The need for arrest of posterior nasal haemorrhage with posterior nasal packing, with or without cauterization and anterior packing, arises when a patient experiences severe bleeding from the back of the nasal cavity—often from trauma, hypertension, or vascular anomalies—requiring urgent intervention under anesthesia to control the hemorrhage and stabilize the patient, excluding aftercare. This procedure is indicated for life-threatening posterior epistaxis, critical in the maxillofacial region where uncontrolled bleeding can obstruct the airway or lead to significant blood loss.
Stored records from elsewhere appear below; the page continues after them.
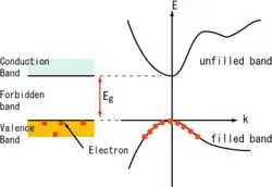 Una estructura de banda electrónica de un semiconductor (derecha) incluye la relación de dispersión de cada banda, es decir, la energía de un electrón E como una función del vector de onda del electrón k. La "banda sin relleno" es la banda de conducción del semiconductor; está curvada hacia arriba indicando masa efectivapositiva. La "banda llena" es la banda de valencia del semiconductor; se curva hacia abajo indicando masa efectiva negativa.
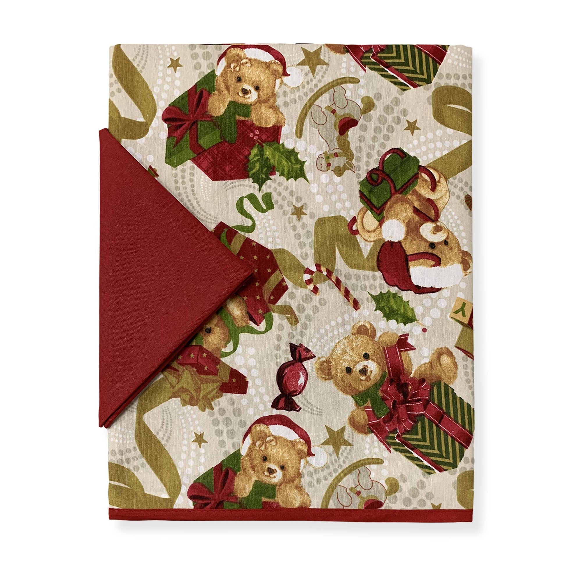 La tovaglia da 140x445cm è realizzata in resistente cotone loneta, con una trama di 180gr/mq che la rende perfetta per l'uso quotidiano. La stampa con motivi natalizi aggiunge un tocco di festa all'ambiente, mentre il bordo rifinito con sbieco in tinta unita completa il look con stile.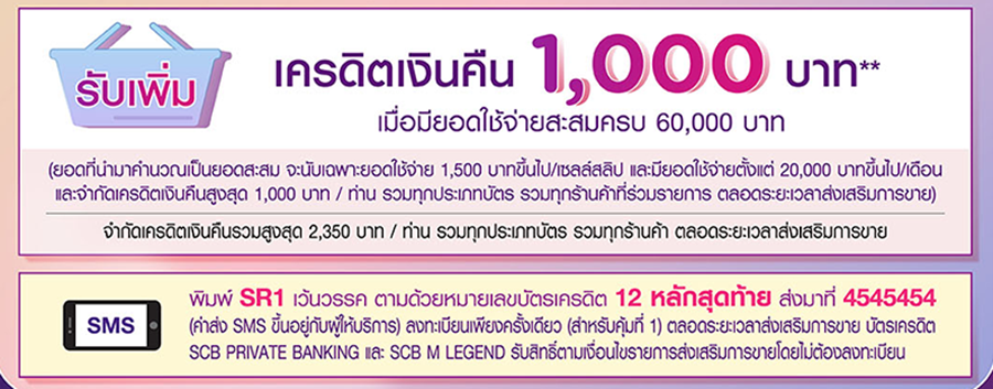 - ลงทะเบียน SMS คุ้มที่ 1 พิมพ์ SR1 เว้นวรรค ตามด้วยหมายเลขบัตรเครดิต 12 หลักสุดท้าย ส่งมาที่ 4545454 (ค่าส่ง SMS ขึ้นอยู่กับผู้ให้บริการ) และจะต้องได้รับข้อความตอบรับยืนยันการเข้าร่วมรายการ โดยลงทะเบียน เพียงครั้งเดียวตลอดระยะเวลาส่งเสริมการขายนี้ เพื่อรับสิทธิ์คุ้มที่ 1 ทั้งนี้ บัตรเครดิต SCB PRIVATE BANKING และ SCB M LEGEND รับสิทธิ์ตามเงื่อนไขรายการส่งเสริมการขายโดยไม่ต้องลงทะเบียน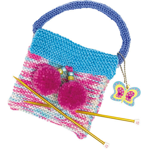 Create a knitted bag, cute purse and fun pompom scarf using the French knitter, knitting needles and pompom tool. Learn how to knit using the detailed step by step guide.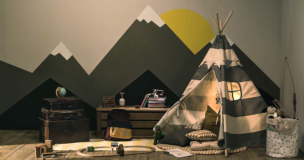 Coat the walls in a light grey paint like the appropriately named Skyline, then use a darker grey like Light’s Out for the mountains, a white for the snowy peaks and a yellow for the sunshine. Furnish the room with adventure-inspired items like a teepee for your little one to play in, a wooden chest for storage and a globe to help them plan their future expeditions.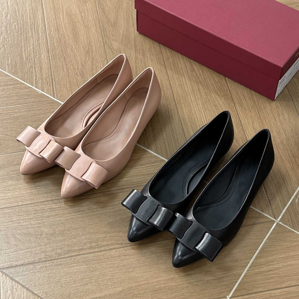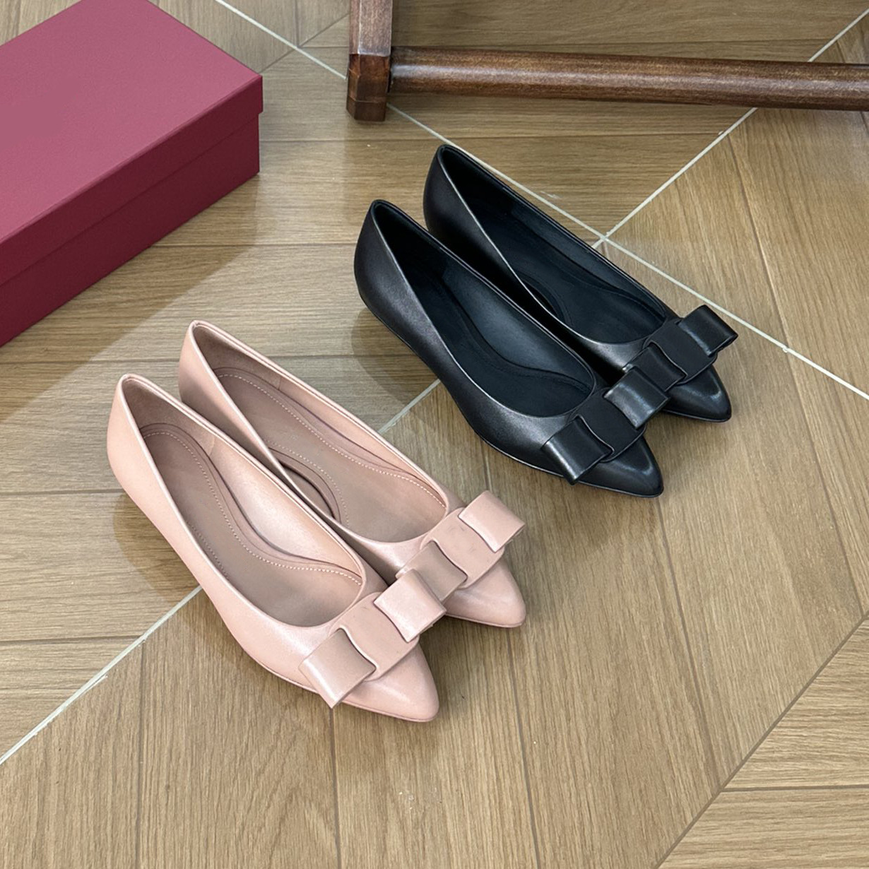 여성용 천연가죽 프렌치 스타일 포인티드 토 슈즈, 여성용 얕은 입구, 리본, 소가죽, 이브닝 스타일, 부드러운 밑창, 여성용 로우힐 슈즈스토어 가기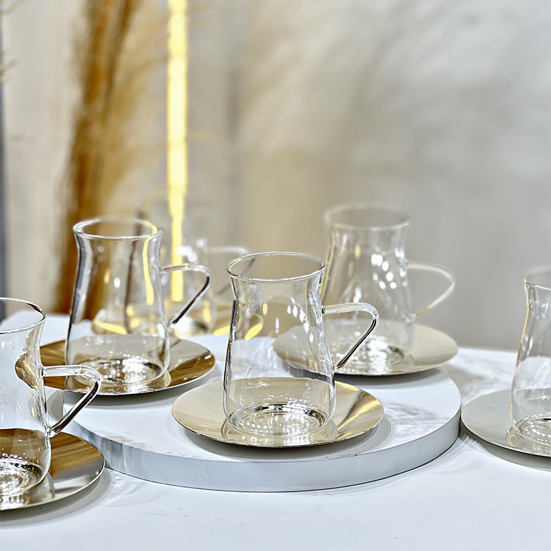 طقم كاسة شاي 6/6 زجاج بيد مثلث متكة ستانلس M++ KX87067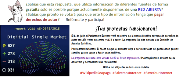 Para más información sobre la campaña en el Parlamento Europeo y cómo actuar, visita https://meta.wikimedia.org/wiki/European_Parliament_vote_in_2018/es.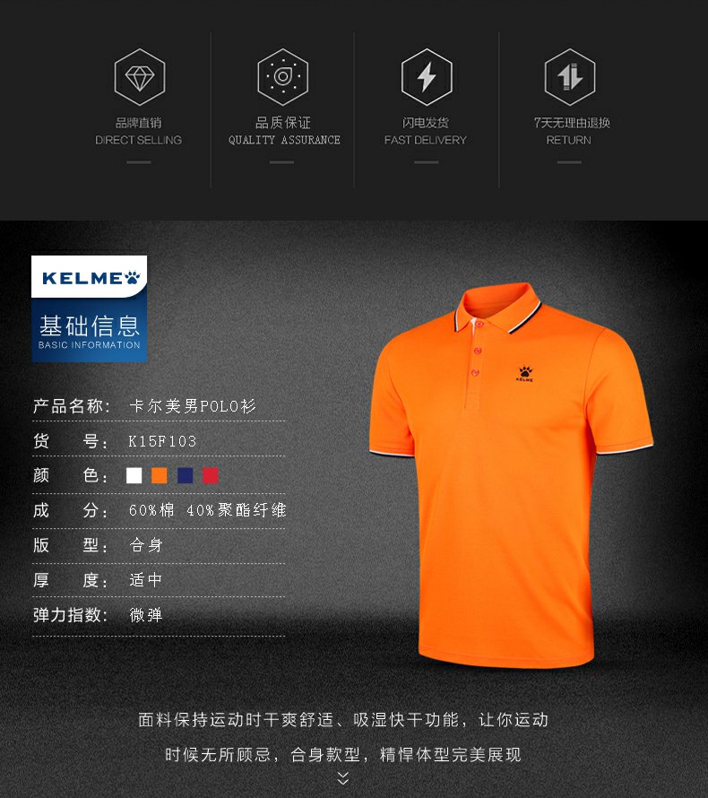 卡尔美 夏季男士运动休闲POLO衫翻领条纹T恤透气速干短袖男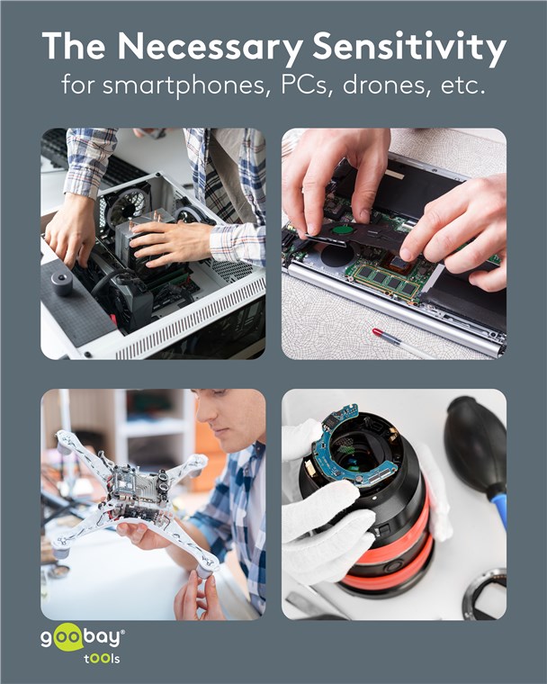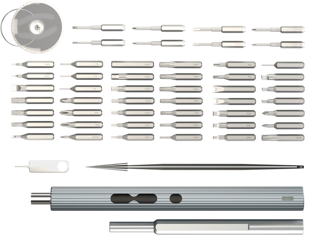 - Il set di cacciaviti comprende: Cacciavite manuale aggiuntivo, ventosa, ago SIM, leva (apri contenitori) e pinzetta ESD-12 a punta per lavori di meccanica di precisione

Specific conditions necessitating this intervention include:
For example, a patient with a sudden, heavy nosebleed after a fall might require posterior nasal packing under anesthesia to stop the bleeding from a deep vessel, with cauterization if a specific bleed point is identified. In an aged care setting, an elderly patient on blood thinners with uncontrolled posterior epistaxis could need this intervention to prevent airway compromise or hypovolemic shock, tailored to their frailty and higher bleeding risk. By packing the nasal cavity—sometimes with additional cauterization—this service halts severe bleeding, protects the airway, and stabilizes the patient, making it an essential emergency procedure within the maxillofacial framework.
Stops severe nasal bleeding, protects airway, and stabilizes patient condition.
Recovery of 1-2 days with nasal packing discomfort and monitoring; hospital stay typically required.